Sengkarut Bantuan Langsung Tunai (BLT)

Oleh : Isnawati

 

LensaMediaNews – Di tengah wabah, pemerintah pusat mengeluarkan program bantuan jaring pengaman sosial terkait Covid-19.

Bantuan tersebut melalui kementerian sosial dan sifatnya berupa bantuan sosial reguler meliputi PKH (Program Keluarga Harapan) dan BPNT (Bantuan Pangan Non Tunai).

Bantuan sosial khusus meliputi sembako untuk warga Jabodetabek, bantuan tunai sebesar enam ratus ribu rupiah untuk di luar Jabodetabek. Ada juga bantuan tanggap darurat meliputi paket sembako dan santunan kematian. Kalau Kementerian desa dan bantuannya diambil dari dana desa (Bantuan Langsung Tunai Dana Desa). (Tempo, 27/4/2020)

Program-program bantuan dari pemerintah pusat terkendala pencairan, sejumlah kepala daerah menilai peraturan yang ada berbelit-belit dan menambah masalah baru. Bupati Bolaang Mongondow Timur, Sehan Salim Landjar, Kepala Desa Nglandung, Kecamatan Geger, Kabupaten Madiun, Jawa Timur, Pamuji juga mengeluhkan pencairan Bansos terkait penanggulangan Covid-19 belum ada yang terealisasi.

Mekanisme penyaluran bantuan tersebut diharuskan tertib administrasi dan punya rekening bank. Syarat utama, penerima BLT bukan penerima Bansos dari kementerian lain. Hal ini sangat ribet sebab desa harus menyisir mana data warga yang masuk DTKS (Data Terpadu Kesejahteraan Sosial) yang akan mendapat Bansos dari Kemensos dan mana yang non DTKS untuk diberi dana BLT dari Desa.

Sengkarut dan berbelit-belit, membingungkan rakyat, terlebih lagi RT dan RW yang bersinggungan langsung dengan masyarakat penerima.

Dana yang ada terbatas sedangkan yang membutuhkan banyak. Karena data yang masuk saat ini tidak sesuai dengan kondisi lapangan.

Banyak kemungkinan yang terjadi, mungkin ada yang sudah meninggal, atau ada yang semula tidak masuk kategori miskin tetapi karena ada wabah Corona menjadi miskin, karena kehilangan pekerjaan dan ada juga alasan-alasan lain.
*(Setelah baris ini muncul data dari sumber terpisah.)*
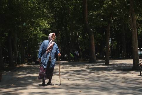 Yaşlı, başörtülü bir kadın nasıl olduysa içeri girmeyi becermiş, yavaş yavaş yürüyerek parkı gözlemliyor, polislerle konuşuyor. ‘‘Ağaçları kesmeyin, gölgelerinde dinlenelim’’ demek için gelmiş. Belediyenin ağaç diktiğini öğrenince şaşırıyor, şüpheli bir ifadeyle uzaklaşıyor.
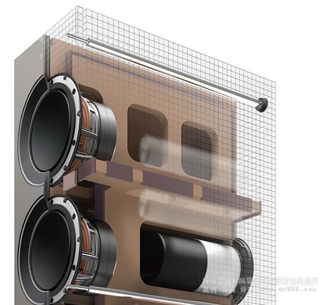 低音部分采用4只6.5英寸的鋁質振膜低音單元,再配合背后兩個導相孔,能重播出40Hz的低頻

Ditambah lagi rakyat bisa segera menerima bantuan jika memenuhi 14 syarat, padahal 9 syarat saja sulit dipenuhi tapi bukan berarti tidak membutuhkan.

Sungguh miris pelayanan di negeri kapitalis, walaupun katanya tongkat jadi tanaman, tetapi untuk makan saja sangat sulit. Bantuan untuk rakyatnya ditarik ulur, dan tampak setengah hati. Alhasil sengkarut dalam mengatur bantuan Covid-19 semakin meyakinkan wajah asli peradaban sekuler.
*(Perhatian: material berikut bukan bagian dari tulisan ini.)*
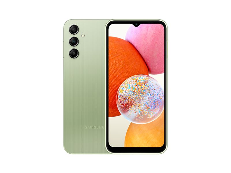 Samsung Galaxy A14 . Dimensioni diagonale schermo: 16,8 cm (6.6"), Risoluzione del display: 1080 x 2408 Pixel. Frequenza del processore: 2 GHz. Capacità della RAM: 4 GB, Capacità memoria interna: 128 GB. Risoluzione fotocamera posteriore (numerico): 50 MP, Tipo di fotocamera posteriore: Tripla fotocamera. Capacità della scheda SIM: Doppia SIM. Capacità della batteria: 5000 mAh. Colore del prodotto: Verde chiaro. Peso: 201 g

Negara demokrasi sangat rusak. Kental sekali perhitungan ketika harus memenuhi kebutuhan rakyat, bantuan hanya ibarat PHP karena terganjal birokrasi.

Untuk memberikan bantuan harus dipilah dan dipilih padahal semua rakyat ikut terdampak adanya virus Corona. Akibat dari kelalaian penguasa, virus menyebar dan memakan korban.

Solusi dan penanganan yang setengah-setengah dari negara. Ada banyak pihak yang memprediksi bahwa wabah Corona akan berlangsung lama, yakni hingga akhir tahun. Pertumbuhan ekonomi pasti minus dan kelaparan dimana-mana.

Sebenarnya krisis pangan dan kelaparan bisa saja terjadi kapanpun, yang berbeda adalah pelayanan penguasa pada rakyatnya. Dalam Islam politik bantuan meliputi menjamin pemenuhan kebutuhan rakyat, menjaga cadangan kebutuhan rakyat dan mendistribusikan secara adil. Memang kebutuhan individu rakyat berbeda-beda tetapi ketika standarnya iman dan takwa, tentu rakyat dan pejabat daerahnya tidak akan pernah mencari kesempatan dalam kesempitan, terlebih pada masa pandemi seperti saat ini.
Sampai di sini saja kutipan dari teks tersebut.